Budget 2016 - employment related provisions

United Kingdom

This article was produced by Olswang LLP, which joined with CMS on 1 May 2017.

We set out below some of the headline employment related announcements from yesterday’s Budget, although as always, many of the details are still to be revealed and will be key!



Taxation of termination payments

- currently any contractual payment made to an employee in connection with the termination of employment (e.g. payments in lieu of notice or untaken holiday) are subject to income tax and employer and employee National Insurance contributions (NICs). In contrast, non contractual termination payments such as statutory redundancy pay and genuinely ex gratia payments can often be paid tax free up to £30,000 with any excess being subject to income tax only (“qualifying termination payments”). It was announced yesterday that from April 2018, qualifying termination payments will be subject to employer NICs to the extent that they exceed £30,000.



Personal service companies (“PSC”)

- the intermediaries legislation (often referred to as IR35) has been under scrutiny for some time. It was introduced to tackle tax avoidance through disguised employment and applies where individuals provide their services through an intermediary, most commonly their own PSC. Very broadly, the effect of the legislation is that individuals working through an intermediary pay the same tax and NICs as any other employees where they would have been an employee if they were providing their services directly.



The Government considers that the legislation is not working as effectively as it should and that there is widespread non-compliance. It was against this background that yesterday the Chancellor announced that from April 2017, where the public sector engages an “off payroll” worker through a PSC, that body will be responsible for determining whether the intermediaries legislation applies and then paying the correct employment taxes. Where an individual is supplied by an agency to a public sector body through a PSC, the agency (as the entity paying the PSC) will be responsible for the correct determination and payment of taxes.

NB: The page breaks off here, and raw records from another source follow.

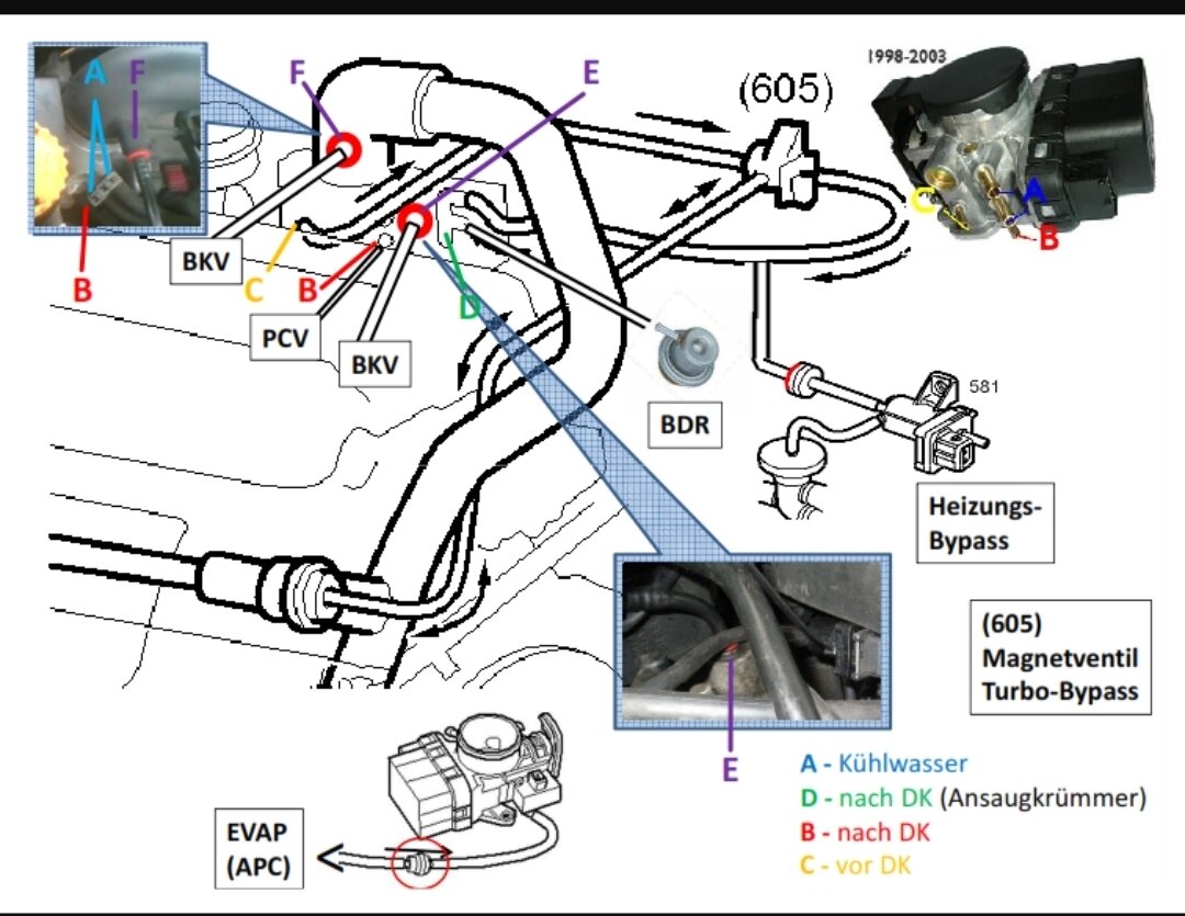 B235 R MY 2004 Automat Beim letzten Motorwechsel habe ich einen kompletten Motor mit Getriebe in meinem Saab gebaut. Läuft auch soweit alles ganz gut. Und ja: ich habe nahezu sämtliche Threads zum Fehler P1110 gelesen, dennoch aber einige Fragen, weil manches mir nicht klar ist, bzw die Threads im nirgendwo ohne Fehlerlösung beendet wurden. Folgendes: ich kann hunderte Kilometer fahren und die MKL bleibt aus. Irgendwann geht aus heiteren Himmel die MKL an- mit der Fehlermeldung P1110. Hier mit nen OBD Tester ausgelesen. Dieses Problem hatte ich auch schon beim alten Motor. Gleichzeitig gibt es die Problematik, dass ich problemlos an den roten Turbobereich fahren kann und die volle Leistung habe. Manchmal wiederum geht das eben nicht. Dann bekomme ich im oberen Bereich ein starkes Rucken (würde meinen : Fuelcut) und die MKL geht an. Kann aber ganz normal weiterfahren. Nun habe ich am WE das kleine Magnetventil, welches unter dem Zentralstecker an der Spritzwand ausgetauscht . (welcher Idiot bei Saab meinte: das muss unbedingt aufs Blech genietet werden?) Das neue wird geklipst. Wenn ich es richtig interpretiere, gibt es wohl noch ein baugleiches(?) unterhalb dieses Ventils - irgendwo an der Heizung? Mich irritiert die Zeichnung völlig. Irgendwie sehen die Ventile anders aus. Ich habe das Ventil wie folgt angeschlossen: Stecker abgewandte Seite geht an die Drosselklappe. Die im rechten Winkel abstehende Leitung in Richtung Bypass Turbolader Steckerseitig mittels T Stück , zum einen an die Drosselklappe und zum anderen in Richtung Heizung. Also schon so wie hier abgebildet: Was mich jetzt bissel stutzig macht: beim Anschluss "F" ist bei mir nichts. Ich kann P1110 jederzeit löschen und irgendwann kommt er wieder. Kann es sein, dass mit "fehlerhaftes Ladeluft Bypass Ventil" das APC Ventil gemeint ist? Also das , wo die 3 Schläuche in Rtg Turbolader gehen? oder ist gar das Bypass Turbolader Ventil gemeint? Das allerdings hat keinen elektrischen Anschluss. Es macht mich alle, dass die Ventile beim Saab alle irgendwie gleich klingen. Da ist ein Übersetzungsfehler geradezu normal. Es muss doch irgendwie möglich sein, den Fehler P1110 loszuwerden.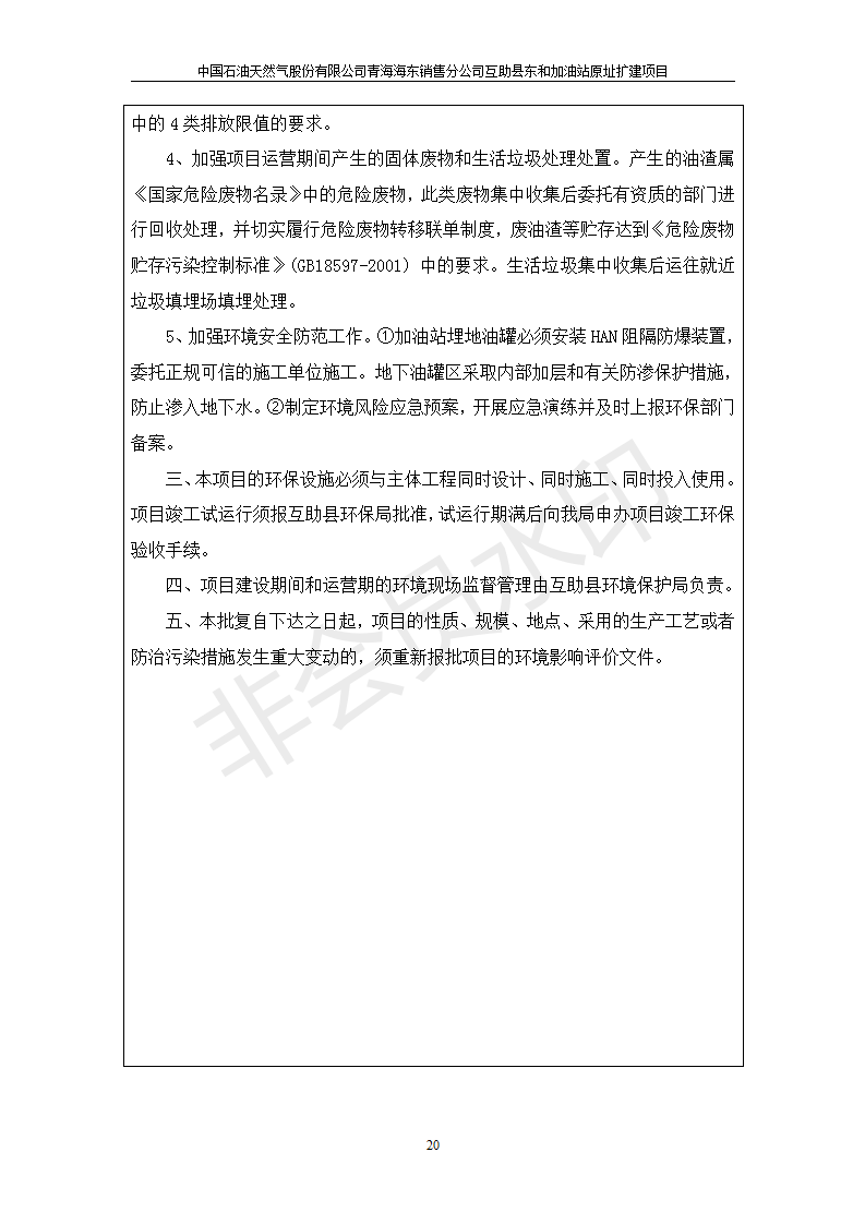 | 上一篇:糧油、食品、飼料等加工綜合園區(qū)項(xiàng)目竣工環(huán)境保護(hù)驗(yàn)收監(jiān)測(cè)報(bào)告表公示 | 下一篇:互助縣東環(huán)路加油站改建項(xiàng)目竣工環(huán)境保護(hù)驗(yàn)收監(jiān)測(cè)報(bào)告表公示 |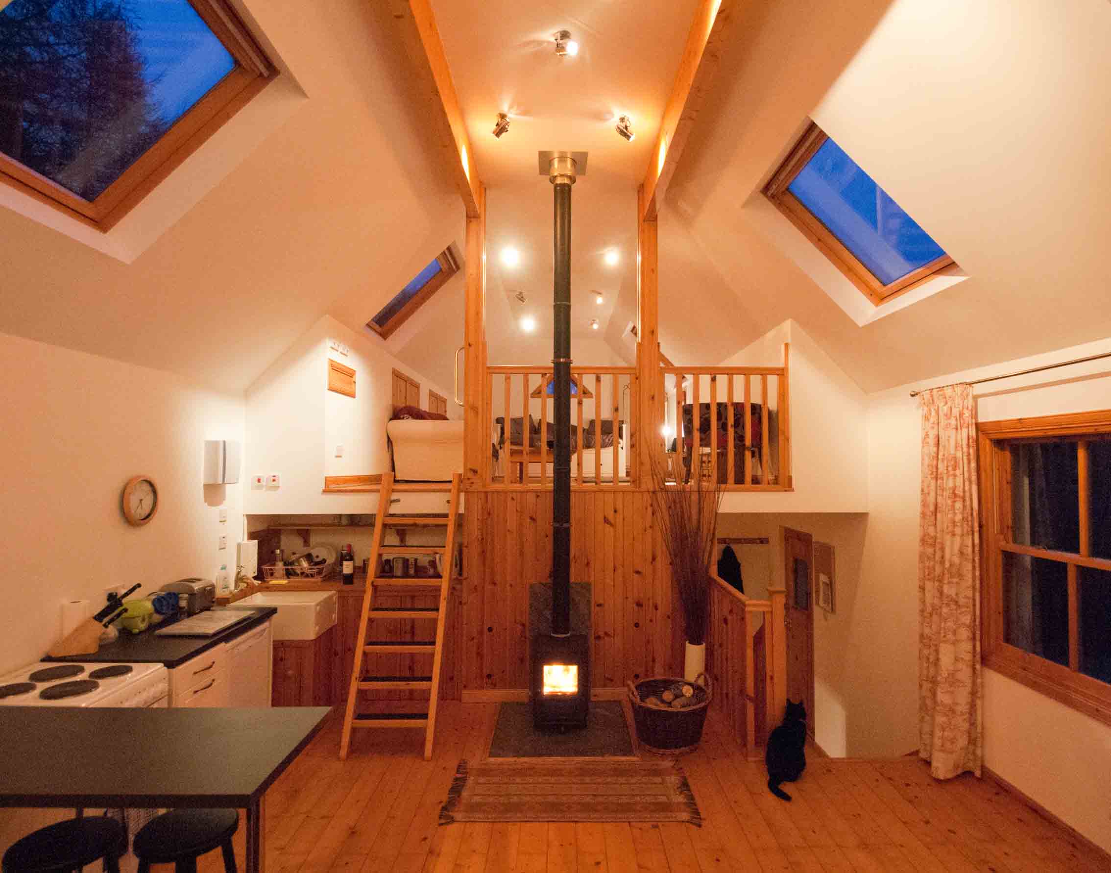 Fern Cottage - Kitchen / Lounge AreaThe kitchen/lounge area has a spacious open plan layout and double height ceilings with skylights making it a bright and warm space. There are lovely views to the west over the gardens and across to Beinn a’ Bhathaich Ard and also over the burn that runs to the east behind the cottage.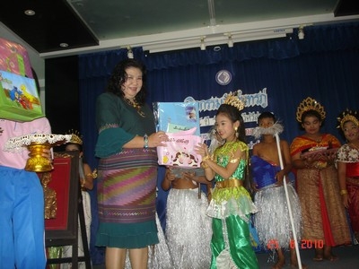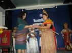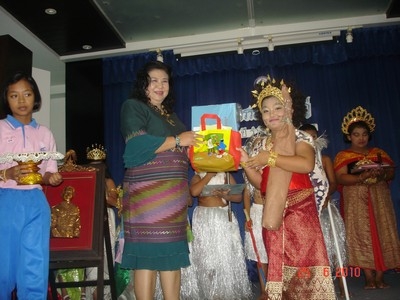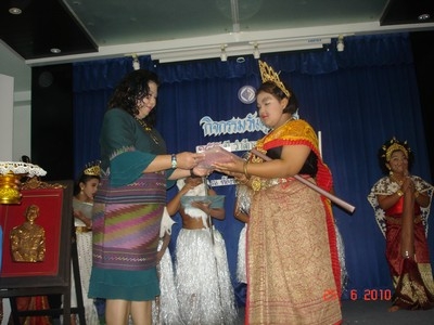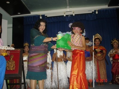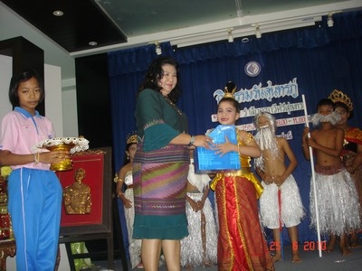 ผู้อำนวยการโรงเรียน มอบของรางวัลให้กับผู้ที่ชนะเลิศการประกวดตัวละครในกิจกรรมวันสุนทรภู่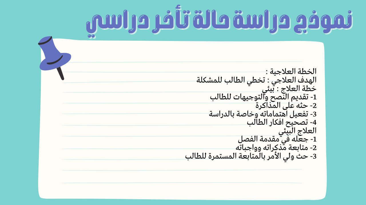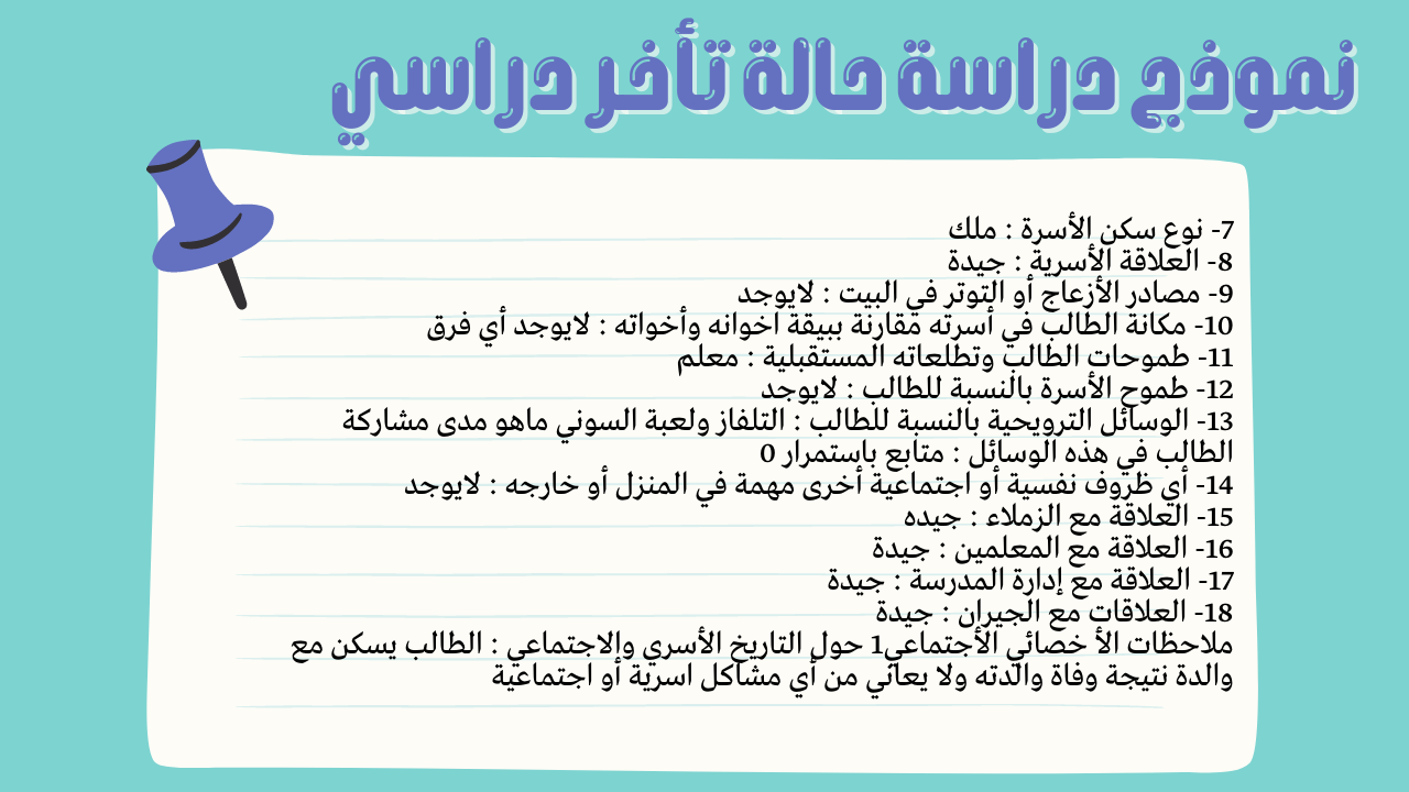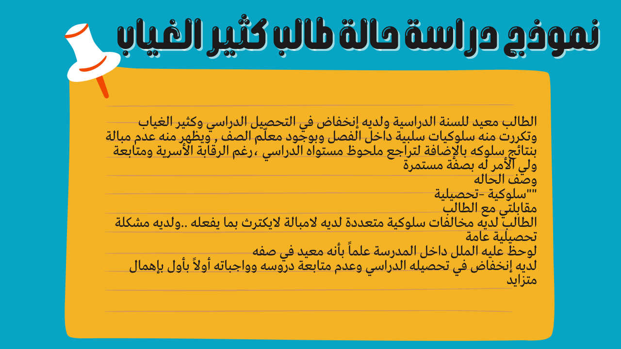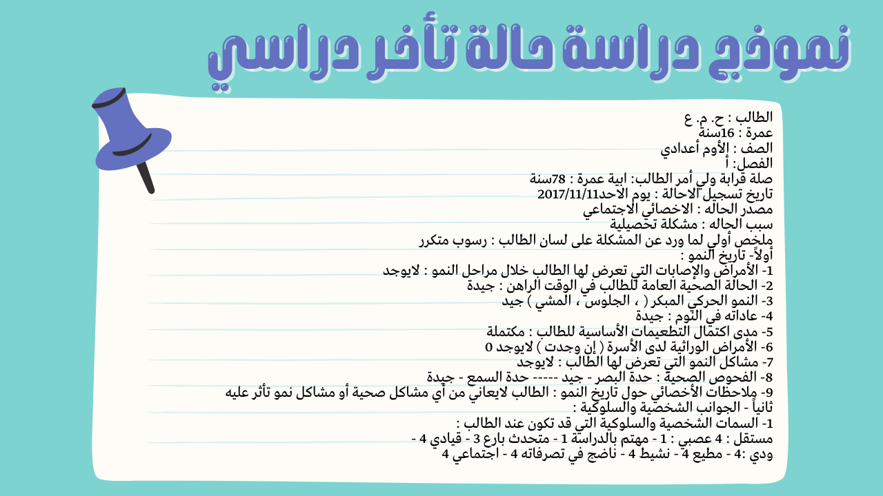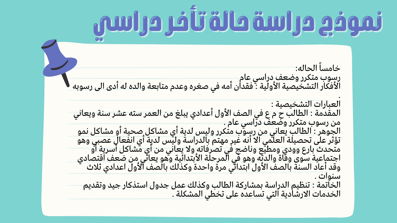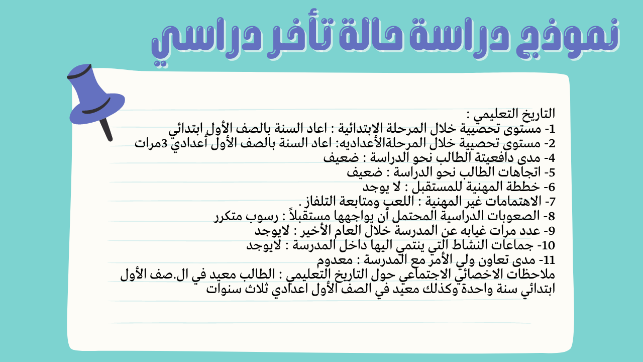 يتولى المرشد الطلابي في المدرسة الكثير من المهام الاساسية والمهمة بشكل كبير، وهذه المهام تتجلى أهميتها في الصور التي تعكسها والتأثيرات التي تأتي بها، والمميزات العديدة التي تتمتع بها، ومن المعروف أن المرشد الطلابي حينما تأتي أنشطته التي يقوم بها بثمارٍ ناجحة فإن الفرحة لن تكون مستوفية جنبات قلبه كلها، ومن ضمن اهم الأمور التي يتولاها المرشد الطلابي دراسة حالة الطلاب، والمُضي قدماً من أجل تقويمها وتحسينها، ولهذا نرفق فيما يلي نموذج دراسة حالة تأخر دراسي:

For the moment, the rules remain unchanged in relation to those working in the private sector meaning that, in practice, in most cases, responsibility and liability for calculating and paying the correct tax will remain with the PSC.



Limit on exemption from capital gains tax (CGT) on shares acquired through employee shareholder status

- under the "employee shareholder" employment status (introduced in 2013) broadly, certain statutory employment rights are given up in exchange for shares in the employer company the gains on which are exempt from CGT. The Chancellor announced that an individual lifetime limit of £100,000 on gains eligible for the CGT exemption will be introduced and will apply in relation to arrangements entered into on or after today,17 March 2016.



For more analysis on this announcement, please see the post from the Olswang Tax Blog



Consultation on extension of shared parental leave to grandparents

- the Government also announced that it will launch a consultation in May 2016 on how to implement its commitment to extend shared parental leave and pay to working grandparents. The consultation will also cover simplifying the eligibility requirements and notification system.